Pigro e solitario nella vita privata, una ex moglie che vive a Washington e un figlio, Alex, che studia musica, Manrico Spinori sa che il suo fascino non lascia indifferenti le belle signore che incontra. E lascia loro il compito di chiedere una cena, un film, una notte insieme. Continua intanto la sua relazione con Maria Giulia, incontrata a teatro nel primo romanzo.
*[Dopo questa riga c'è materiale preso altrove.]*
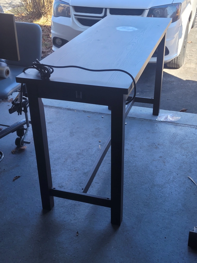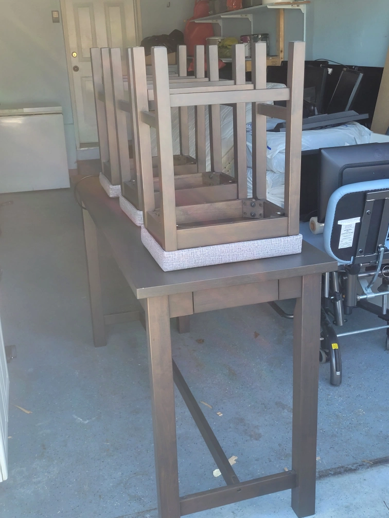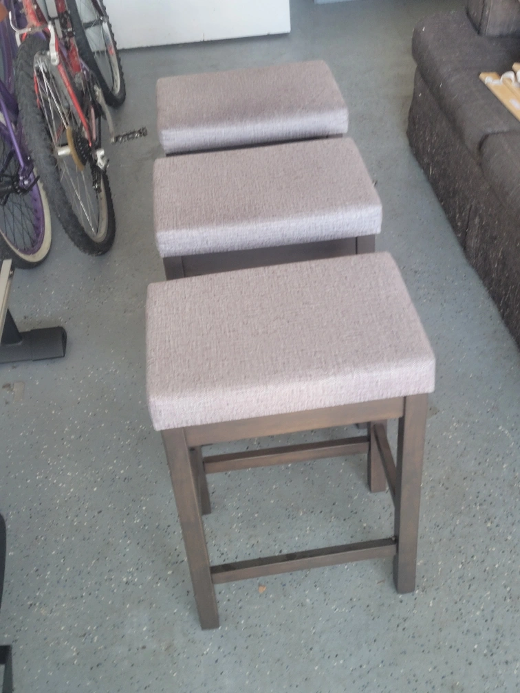 QUICK SALES. $120. A table, featuring a dark wood finish. It includes three stools. The stools have cushioned seats and wood legs. I think you will find this set a great place for a cup of coffee in the morning.
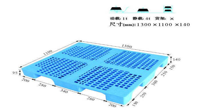 单面塑料托盘只能一面使用,表面有网格状和平板状两种,底部有川字型、田字型、九脚型。
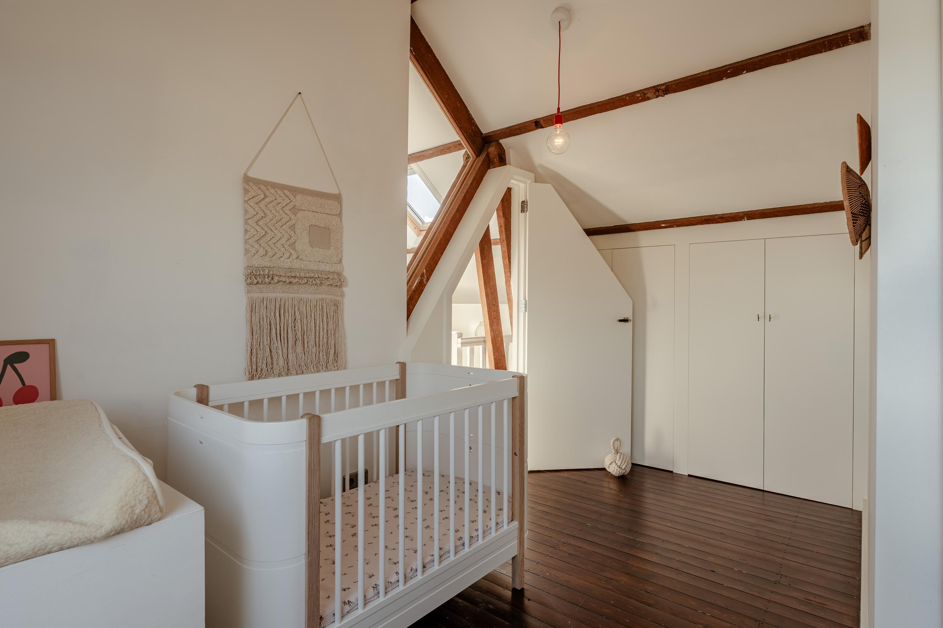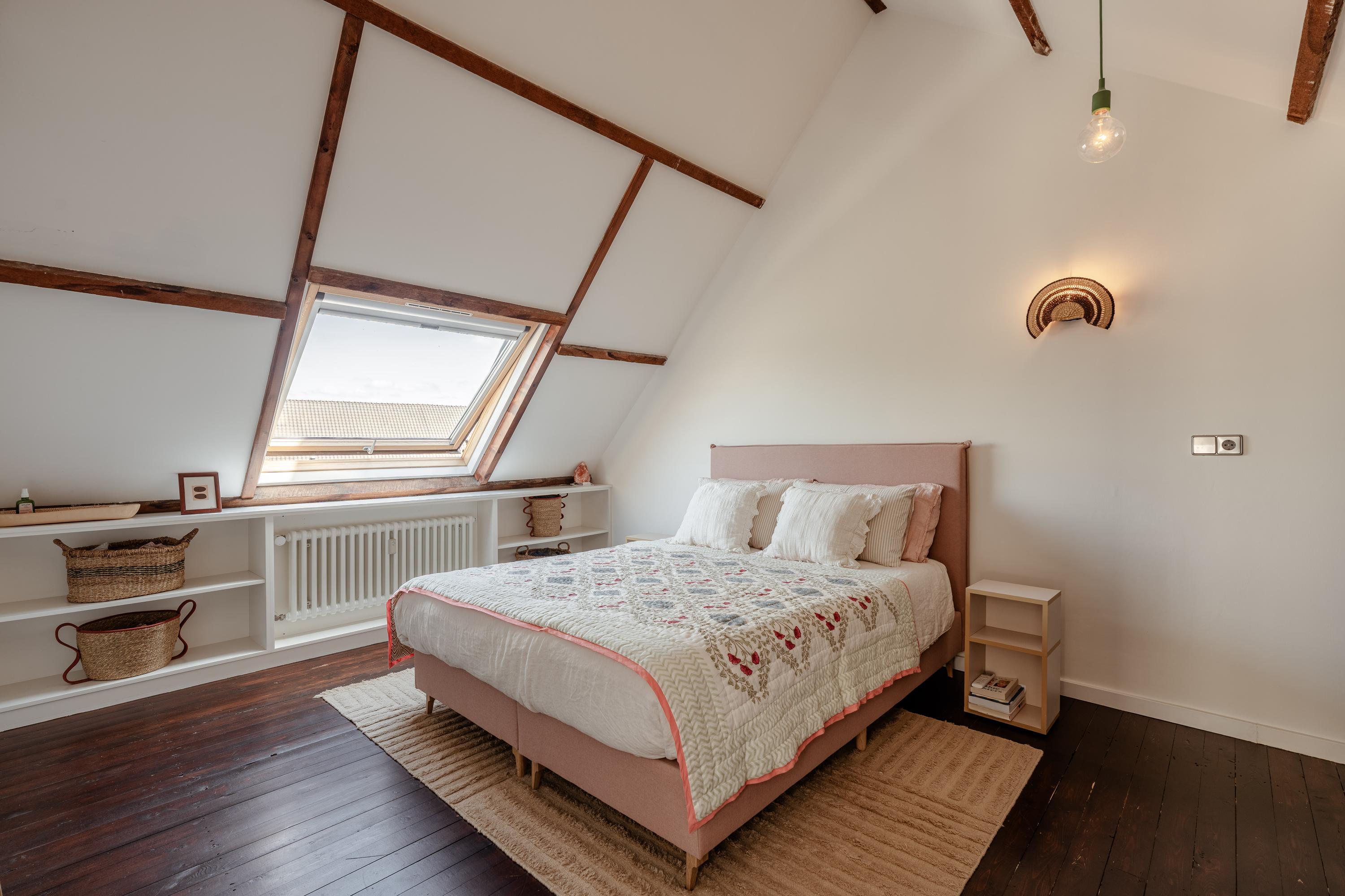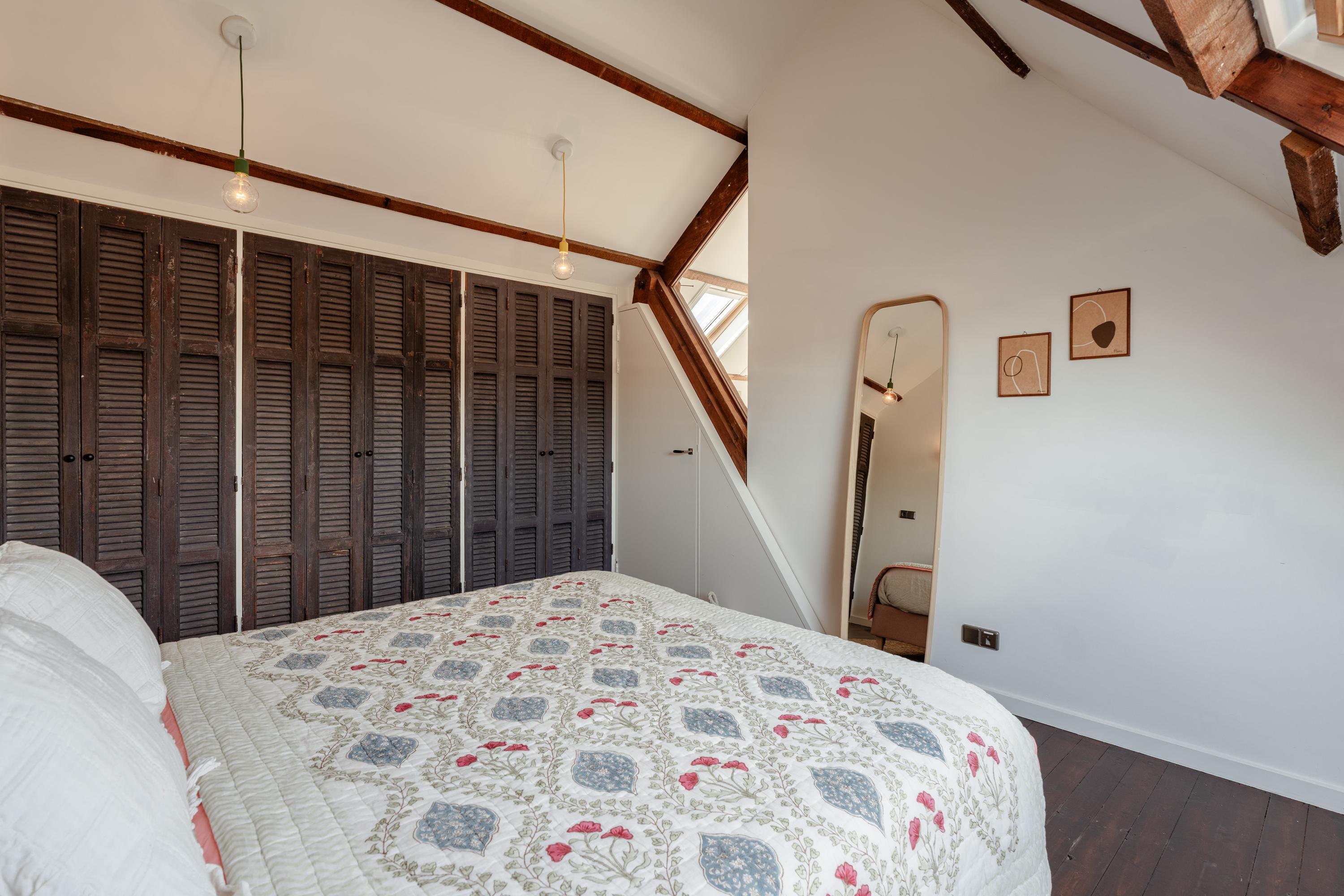 The fourth floor reveals a tranquil terrace of approximately 32 m², a rare expanse in the city, adjoining a private bedroom suite with its own bathroom. A spacious laundry, two further bedrooms—one with built-in storage—enhance flexibility and privacy. The attic, accented by exposed beams and multiple skylights, provides two additional rooms, bespoke storage solutions, and an inviting sense of retreat.

Ascolta, anche in questo libro, molta musica. Non necessariamente d’opera, salvo Le Bassaridi di Hans Werner Henze e un accenno veloce a Il tabarro pucciniano dove c’è, è vero, una morte per acqua, ma è quella di un porto fluviale. Ci sono Franz Schubert e Kurt Weill, ma ecco di nuovo le opere: Manon Lescaut e Tosca di Puccini, Tristan und Isolde di Wagner, La gazza ladra e la Semiramide di Rossini, il Don Giovanni di Mozart, il Don Pasquale e L’elisir d’amore di Donizetti. E infine Verdi due volte: I vespri siciliani nella prima edizione in francese del 1855 e Un ballo in maschera.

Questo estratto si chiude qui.